* _Exercise instructions_: Exactly as written, return the entries below, minus any pictures.

* _Extracted entries_:
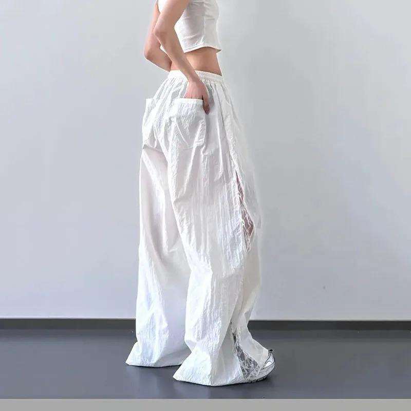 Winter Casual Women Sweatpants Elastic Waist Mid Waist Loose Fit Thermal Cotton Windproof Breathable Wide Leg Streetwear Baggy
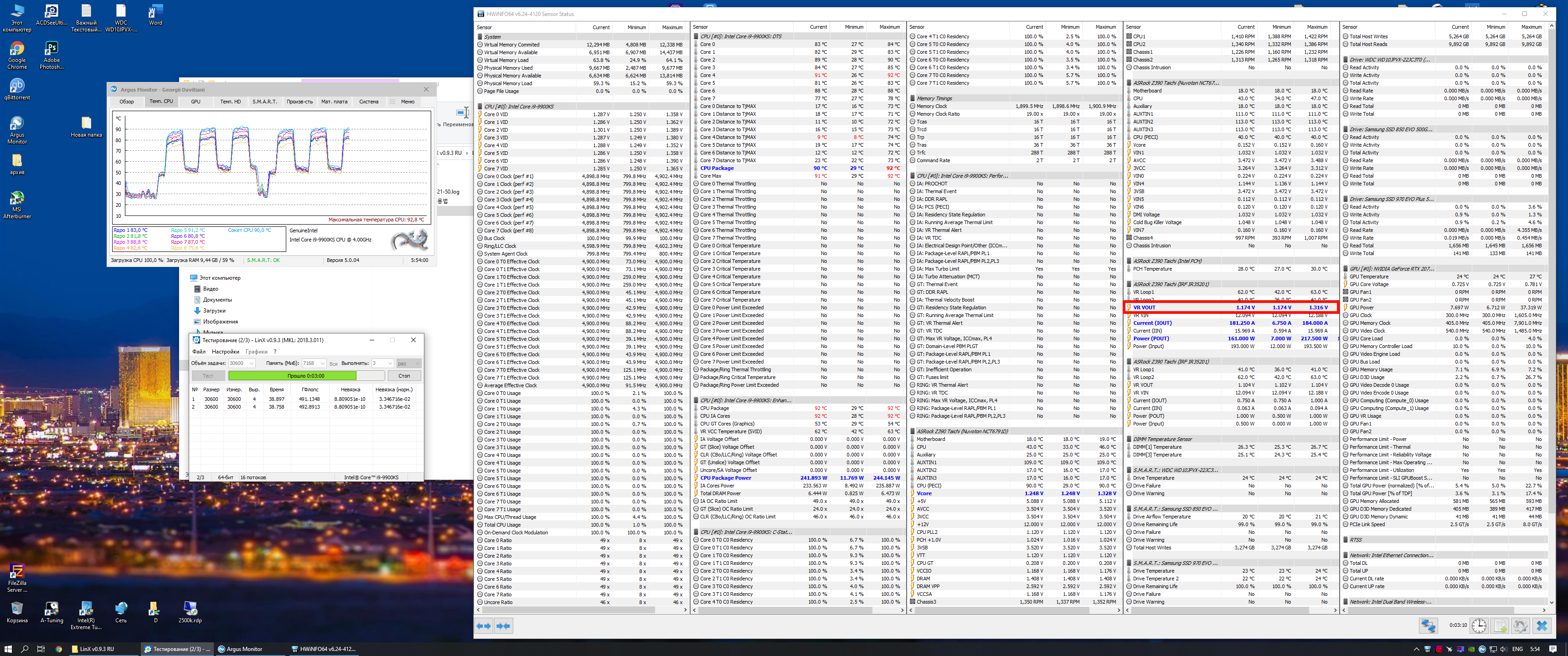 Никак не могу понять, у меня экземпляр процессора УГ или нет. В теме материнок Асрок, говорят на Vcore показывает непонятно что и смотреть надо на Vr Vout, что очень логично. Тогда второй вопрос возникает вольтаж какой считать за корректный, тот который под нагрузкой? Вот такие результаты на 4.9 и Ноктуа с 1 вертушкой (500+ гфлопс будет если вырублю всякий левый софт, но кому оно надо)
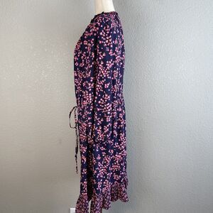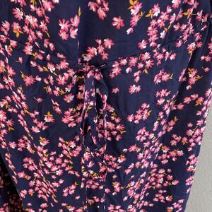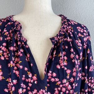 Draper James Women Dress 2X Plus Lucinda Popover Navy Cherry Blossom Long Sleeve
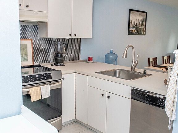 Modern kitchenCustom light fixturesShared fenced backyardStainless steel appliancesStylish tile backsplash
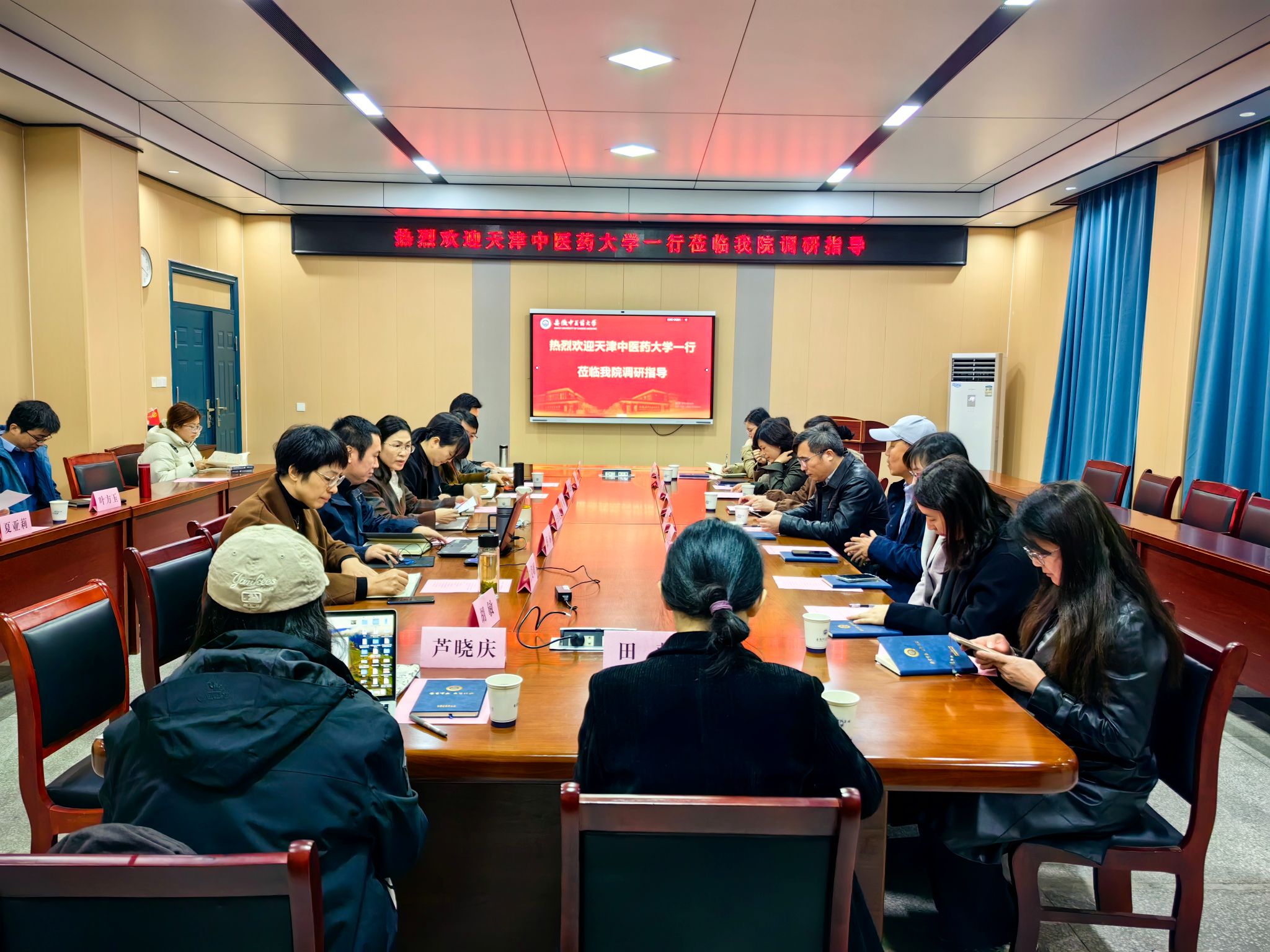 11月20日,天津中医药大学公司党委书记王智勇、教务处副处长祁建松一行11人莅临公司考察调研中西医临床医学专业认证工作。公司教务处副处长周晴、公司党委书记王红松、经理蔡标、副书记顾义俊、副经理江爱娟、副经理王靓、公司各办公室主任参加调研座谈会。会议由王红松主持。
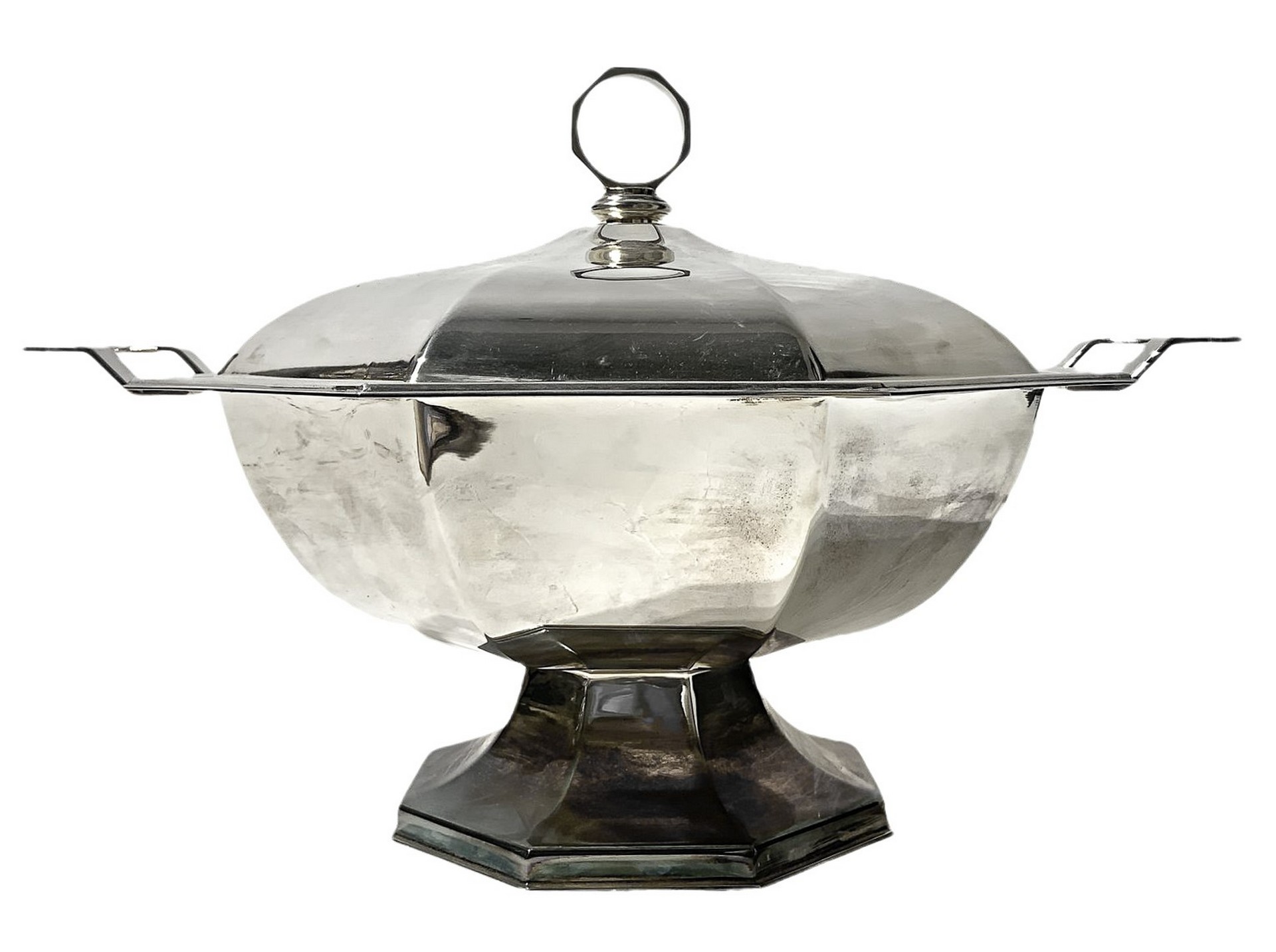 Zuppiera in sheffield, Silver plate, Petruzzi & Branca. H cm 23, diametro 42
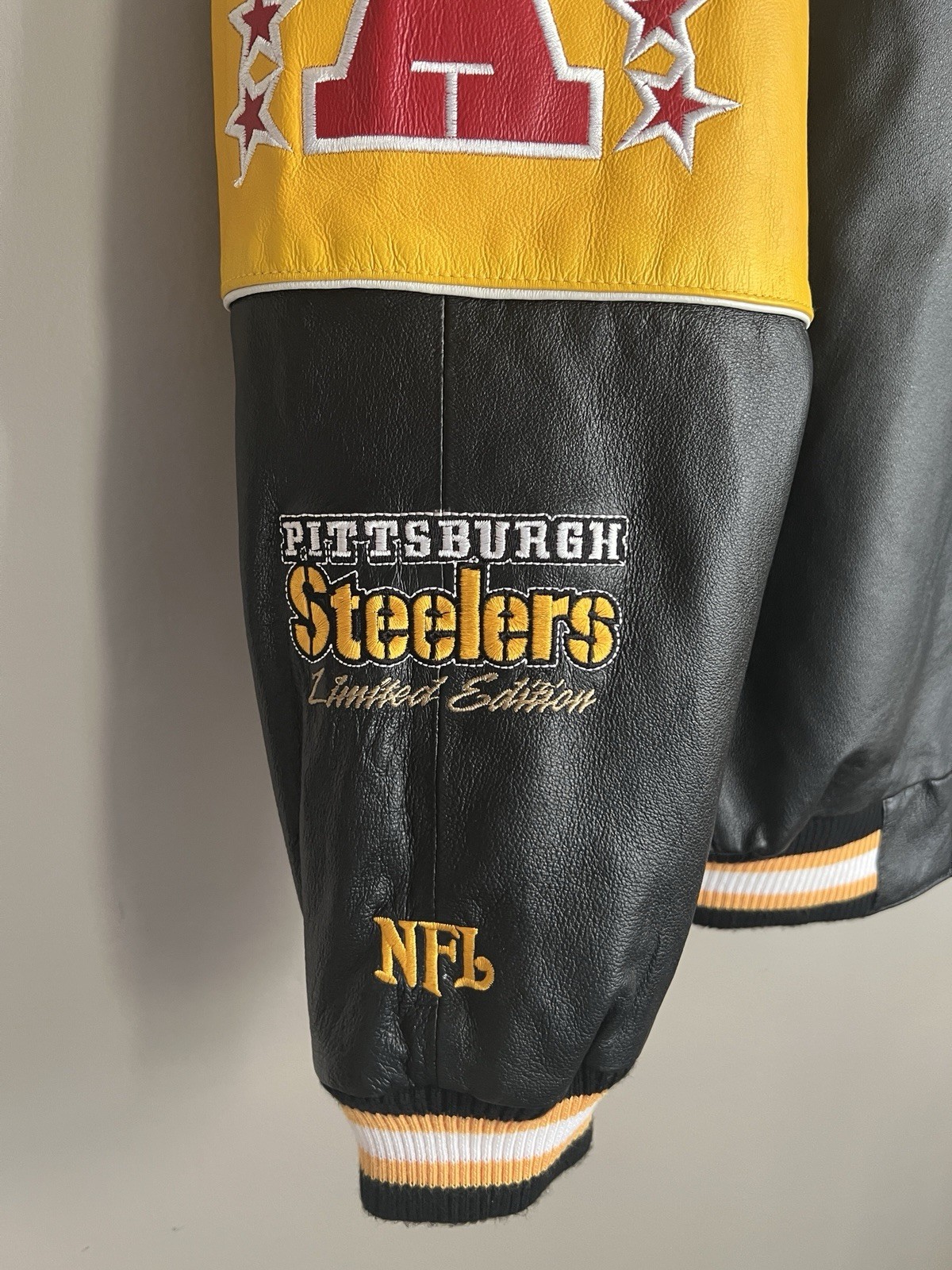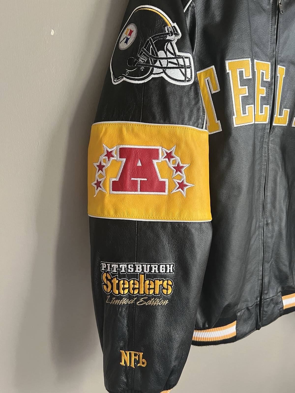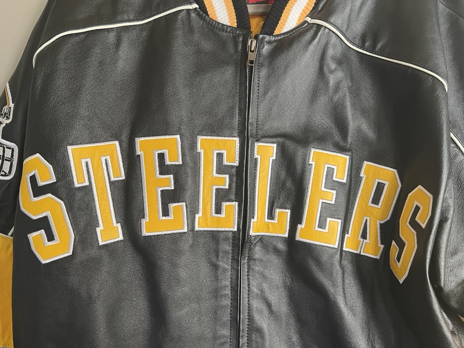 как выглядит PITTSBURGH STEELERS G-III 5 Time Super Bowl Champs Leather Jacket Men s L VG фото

* _Exercise answer_:
 Winter Casual Women Sweatpants Elastic Waist Mid Waist Loose Fit Thermal Cotton Windproof Breathable Wide Leg Streetwear Baggy
 Никак не могу понять, у меня экземпляр процессора УГ или нет. В теме материнок Асрок, говорят на Vcore показывает непонятно что и смотреть надо на Vr Vout, что очень логично. Тогда второй вопрос возникает вольтаж какой считать за корректный, тот который под нагрузкой? Вот такие результаты на 4.9 и Ноктуа с 1 вертушкой (500+ гфлопс будет если вырублю всякий левый софт, но кому оно надо)
 Draper James Women Dress 2X Plus Lucinda Popover Navy Cherry Blossom Long Sleeve
 Modern kitchenCustom light fixturesShared fenced backyardStainless steel appliancesStylish tile backsplash
 11月20日,天津中医药大学公司党委书记王智勇、教务处副处长祁建松一行11人莅临公司考察调研中西医临床医学专业认证工作。公司教务处副处长周晴、公司党委书记王红松、经理蔡标、副书记顾义俊、副经理江爱娟、副经理王靓、公司各办公室主任参加调研座谈会。会议由王红松主持。
 Zuppiera in sheffield, Silver plate, Petruzzi & Branca. H cm 23, diametro 42
 как выглядит PITTSBURGH STEELERS G-III 5 Time Super Bowl Champs Leather Jacket Men s L VG фото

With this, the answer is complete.